AVE
MARIA |
Abbaye
Saint-Joseph de Clairval
21150 Flavigny sur Ozerain
France |
email :
hispanizante@clairval.com
16 de julio de 2003
Estimadísimo Amigo de la
Abadía San José:
¿Por qué tantos
nuevos santos? Las numerosas beatificaciones y canonizaciones
que se producen año tras año ¿no podrían banalizar el
acontecimiento? En su vigésimo año de pontificado, Juan Pablo
II ya ha procedido a más de 770 beatificaciones y 280
canonizaciones.
Evidentemente, el Papa desea hacer de esos actos uno de los
aspectos de la «nueva evangelización». Lo explica en la carta
apostólica Tertio Millennio adveniente: «En estos años
se han multiplicado las canonizaciones y beatificaciones. Ellas
manifiestan la vitalidad de las Iglesias locales» (10 de
noviembre de 1994). Son «la demostración de la omnipotente
presencia del Redentor mediante frutos de fe, esperanza y
caridad en hombres y mujeres de tantas lenguas y razas, que han
seguido a Cristo en las distintas formas de la vocación
cristiana» (Ibíd.).
Una fuente de renovación
Todos estamos llamados a la santidad, y el ejemplo de tan
numerosos santos es un poderoso estímulo para alcanzarla. «Al
mirar la vida de quienes siguieron fielmente a Cristo, nuevos
motivos nos impulsan a buscar la Ciudad futura (el Cielo) y al
mismo tiempo aprendemos cual sea, entre las mundanas vicisitudes,
el camino segurísimo, conforme al propio estado y condición de
cada uno, que nos conduzca a la perfecta unión con Cristo, o
sea a la santidad.
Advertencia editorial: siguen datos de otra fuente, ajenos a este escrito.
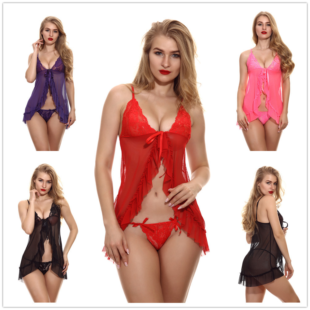 クロスボーダーの透視セクシーな下着の対外貿易の商品の供給源の深いvはセクシーな情緒の小さい清新なガーターの連体の服を現します。

Dios manifiesta a los hombres en forma viva
su presencia y su rostro, en la vida de aquellos, hombres como
nosotros, que con mayor perfección se transforman en la imagen
de Cristo. En ellos Él mismo nos habla y nos ofrece un signo de
ese Reino suyo» (Vaticano II, Lumen gentium, 50). La práctica
de las virtudes hasta un grado heroico, condición requerida
para cada beatificación, sobrepasa las fuerzas humanas;
manifiesta la acción del Espíritu Santo y, cuando se produce
en un gran número de personas, se convierte en un argumento en
favor de la divinidad de la Iglesia.
Nos resulta útil conocer a quienes viven ya en el Cielo, «porque
ellos llegaron ya a la patria y gozan de la presencia del Señor;
por Él, con Él y en Él no cesan de interceder por nosotros
ante el Padre... Su fraterna solicitud ayuda, pues, mucho a
nuestra debilidad» (Ibíd., 49). Además, «los santos y
las santas han sido siempre fuente y origen de renovación en
las circunstancias más difíciles de la historia de la Iglesia»
(Catecismo de la Iglesia Católica, 828). Así pues,
resulta muy conveniente presentar esos modelos a los hombres a
veces desorientados de nuestra atormentada época.
Así por ejemplo, el Papa Juan Pablo II beatificaba el 14 de
abril de 1985 a sor María Catalina Troiani, y decía acerca de
ella: «La fe y la caridad brillaron en su vida. Ella se encontró
con muchas miserias y sufrimientos: esclavitud, hambre, pobreza,
abandono de recién nacidos y enfermos, explotación y
marginación...
Al igual que el buen samaritano de la parábola evangélica,
ella se detuvo junto a cada hermano y hermana que sufría en
cuerpo y alma, tendiéndole con amor la mano bienhechora y
pagando con su persona... Su caridad jamás fue exclusiva:
católicos,
ortodoxos y musulmanes encontraron en ella ayuda y hospitalidad,
porque en cualquier persona marcada por el sufrimiento, sor María
Catalina veía el rostro sufriente de Cristo».
Ser la última
Constancia Troiani, nacida el 19 de enero de 1813, pierde a su
madre a la edad de seis años. Entra entonces interna en las
Oblatas Clarisas de Ferentino (Italia). Inteligente, sensible y
de carácter muy despierto, es sin embargo obediente e intenta
guardar silencio y corregir sus defectos. Cuando un día los
miembros de su familia le proponen regresar al mundo, ella lo
rechaza, pues, feliz en su convento, pretende permanecer allí
para servir a Dios con una entrega radical de toda su persona.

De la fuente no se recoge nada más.